I laughed. “Is this her first?”
“Pretty sure she thinks it’s the world’s first baby being born. I could see the pain in her husband’s eyes as she talked tonight.”
“I’m sure she isn’t that bad.”
“Over dinner, she yelled at him for breathing too loud. Breathing. He also wasn’t allowed to order sushi at the Japanese restaurant we went to because she can’t have it.”
“I can’t tell if you’re making that up or not, considering your propensity for telling random stories.”
“Sadly enough for my brother-in-law, I’m telling the truth.”
“Does your sister live here in the city?”
“Upper East Side. Moved from downtown near her husband’s job last year to be closer to her job at the Guggenheim. Now she can walk to the museum in three minutes, and her husband’s commute is three times as long as it was. So of course, she quit her job as soon as she found out she was pregnant.”
“You’re being hard on her.”
“She sure as shit makes it easy.” He finished the rest of his beer. “I’m going to grab another one. You ready for a refill?”
“I probably shouldn’t.”
He grinned. “One refill coming right up.”
While he was off getting our drinks, I sat pondering who, exactly, Chase Parker was.

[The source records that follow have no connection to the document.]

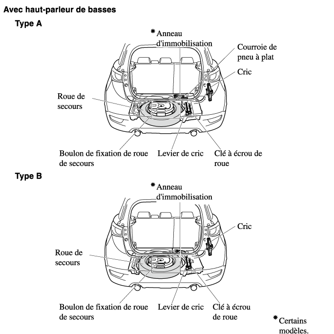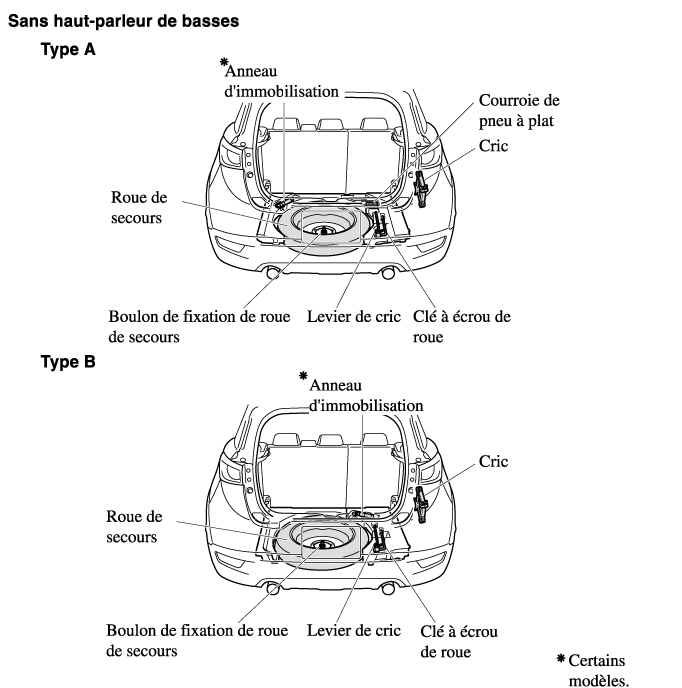 La roue de secours et les outils sont rangés aux endroits indiqués sur l'illustration.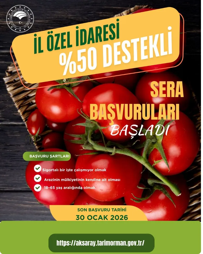 Aksaray İl Tarım ve Orman Müdürlüğü, İl Özel İdaresi iş birliğiyle %50 hibeli sera desteği başvurularının başladığını duyurdu. Tarımsal üretimi artırmaya yönelik başlatılan proje, üreticilere büyük avantajlar sunuyor.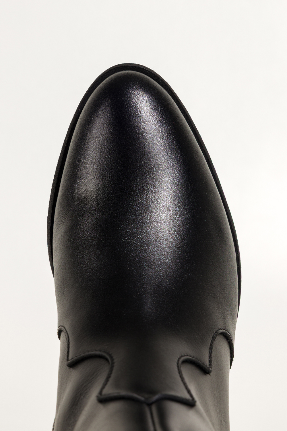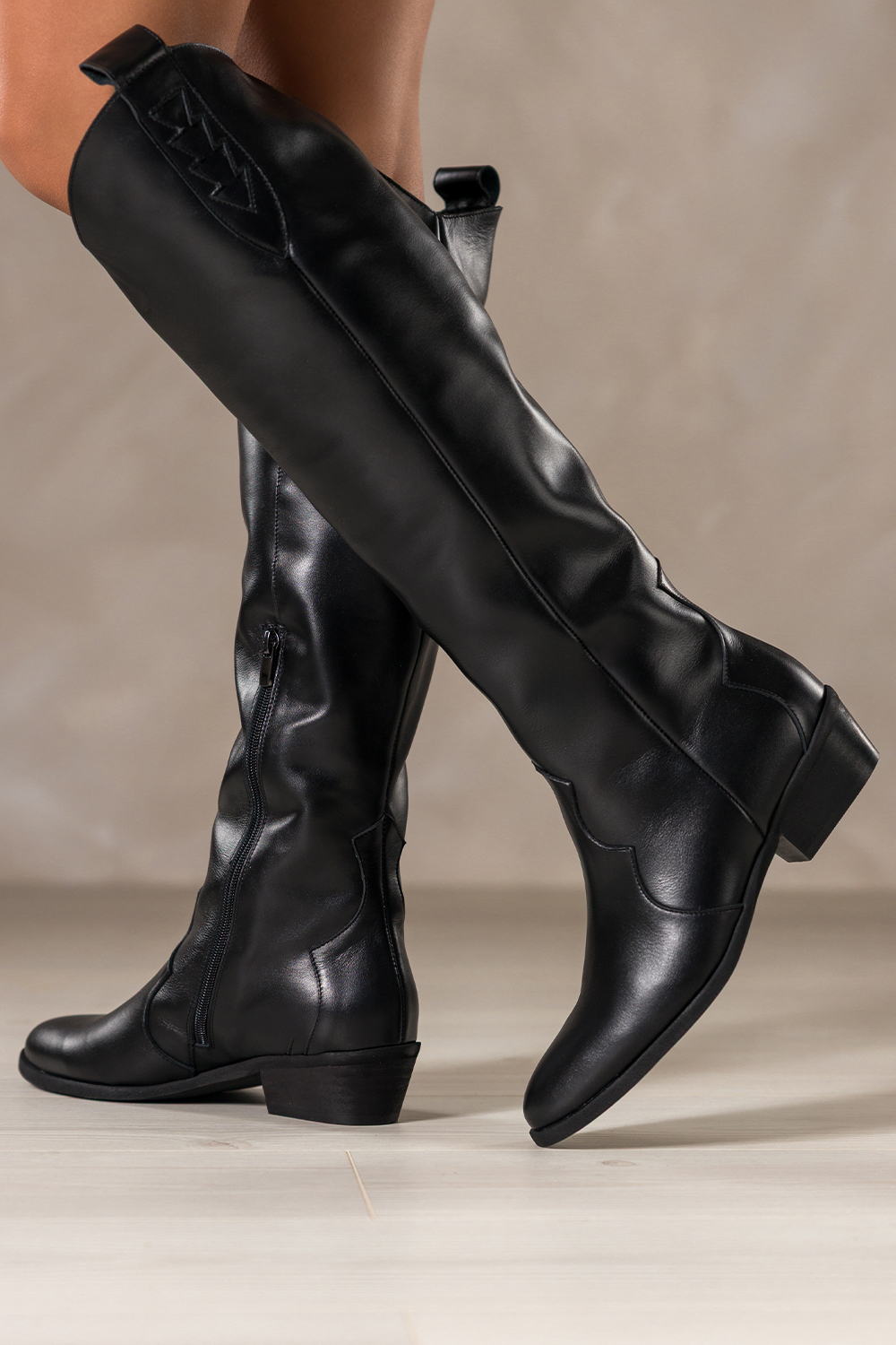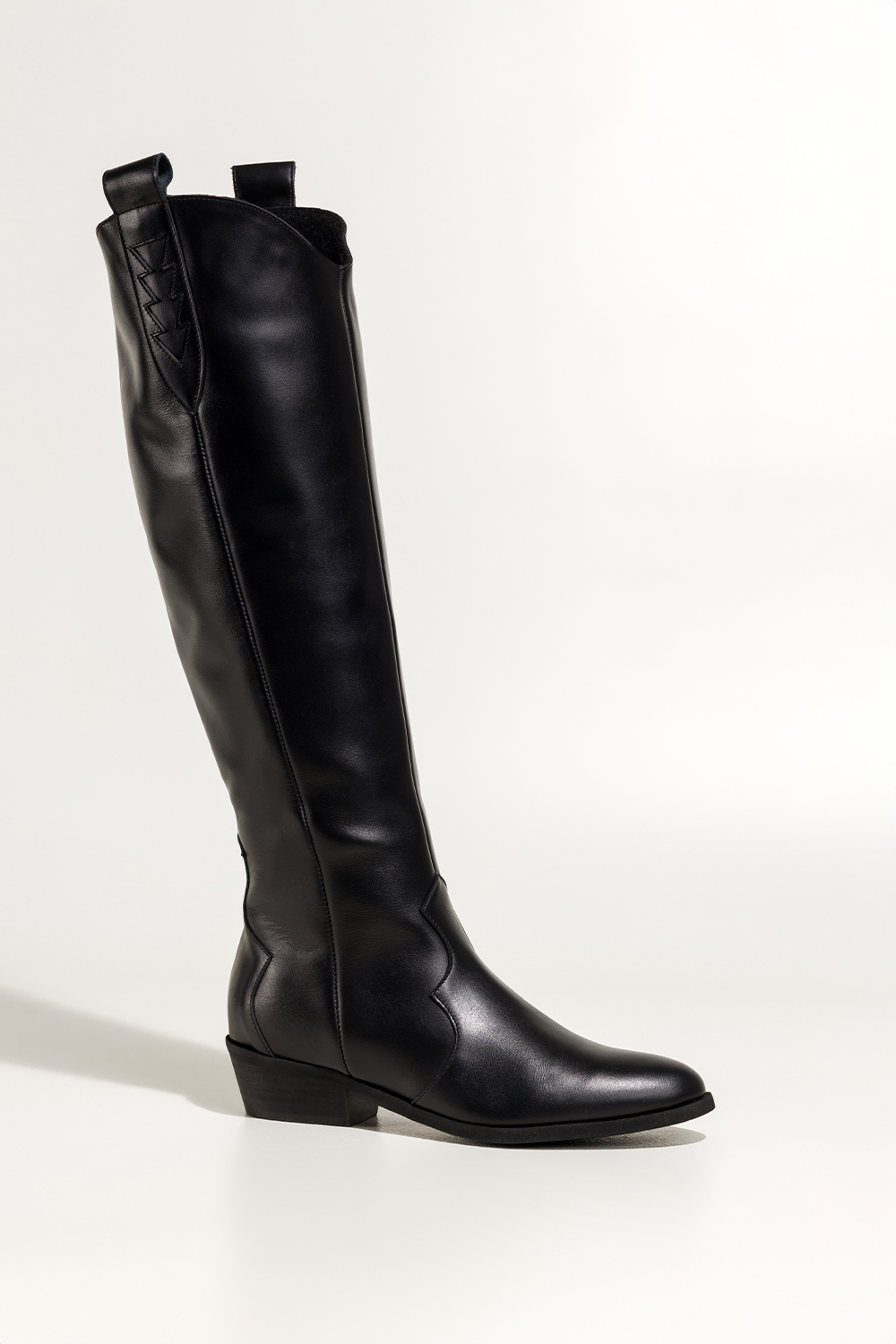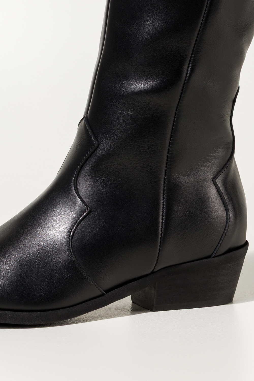 Czarne kozaki skórzane damskie kowbojki na ściętym klocku wycięta cholewka z ozdobnymi paskami PROD

I’d never met a man quite like him before. He was someone I couldn’t put my finger on…he didn’t seem to fit into any one box. A businessman who ran a massively successful company—yet he looked more like a rock star with his shaggy hair and frequent five o’clock shadow. Custom-tailored, conservative suits covered a carved body and pierced nipple. He dated buxom blondes and joined strangers for dinner, yet had a standing weekly date with his sister. Even without factoring in what I’d learned tonight from Lindsey, the man was a complex package.
He returned a few minutes later with drinks in hand. “Miss me?”
Yes. “Were you gone?”
“So where is Becker tonight?”
“Bryant. And I’m not sure. We didn’t have plans. I suppose he’s home.”
“Tell me about him?”
“I don’t know. I’m curious, I guess. I’m wondering what kind of a man you’re interested in.”
You. “What do you want to know?”
“What does he do for a living?”
“He’s in financial services. Manages mutual funds and stuff.”
“What’s his favorite movie?”
“I have no idea. We haven’t been seeing each other that long.”
“Does he snore?” He tried to hide his sneaky grin.
“Does Bridget?” I countered.
“I wouldn’t know. She hasn’t been in my bed. Then again, I’m sure I wouldn’t know if you snored even if you were in my bed.”
“Why is that? You’re a sound sleeper or something?”
“You wouldn’t be sleeping.”
I laughed. “I walked right into that, didn’t I?”
“You should get rid of Baxter and walk right into my bedroom.”
Why was I laughing when he’d just told me to dump the guy I was dating and hop in his bed? This man made me lose all sense of judgment.
“So…any other siblings, besides your pregnant one?” I asked.
“If you’re trying to cool me off, that’s one way to do it. Mention Anna.”
I sipped my drink. “Good to know.”
“It’s just me and preggo. How about you? Any brothers or sisters?”
“Just one. Owen. He’s a year older. Lives in Connecticut, not too far from my parents.”
“You two close?”
“We don’t get to have dinner once a week, but yes, I like to think we’re close. Owen’s deaf, so it’s not as easy as picking up the phone to actually talk, but we text all the time. And we do FaceConnect where we can type and see each other. When we were younger, we were inseparable.”
“Wow. Do you know sign language or anything?”
“Not really. Owen lost his hearing at ten from…an injury. He took to reading lips faster than signing. I’m pretty good at reading lips. I used to put in earplugs and pretend to be deaf like him.”
“Really? What I am saying?”
Chase mouthed something. I caught it on the first try, but screwed with him a bit. “Hmmm…not sure. Do it again.”
Again his lips moved. This time, he’d over-accentuated each word, but he’d mouthed You should come home with me clear as day.
“Sorry. Guess I’m rusty.” I smirked.
Chase bent his head back in laughter, and his throat vibrated.
God, that Adam’s apple really works for me. The damn thing was taunting me, jumping around, showing off. I needed to get the hell out of the bar before I did something I’d regret for a multitude of reasons.
Finishing my drink, I stood. “I should get going. It’s late. And I like to get to the office early to make a good impression with the boss.”
“Pretty sure you’ve already done that.”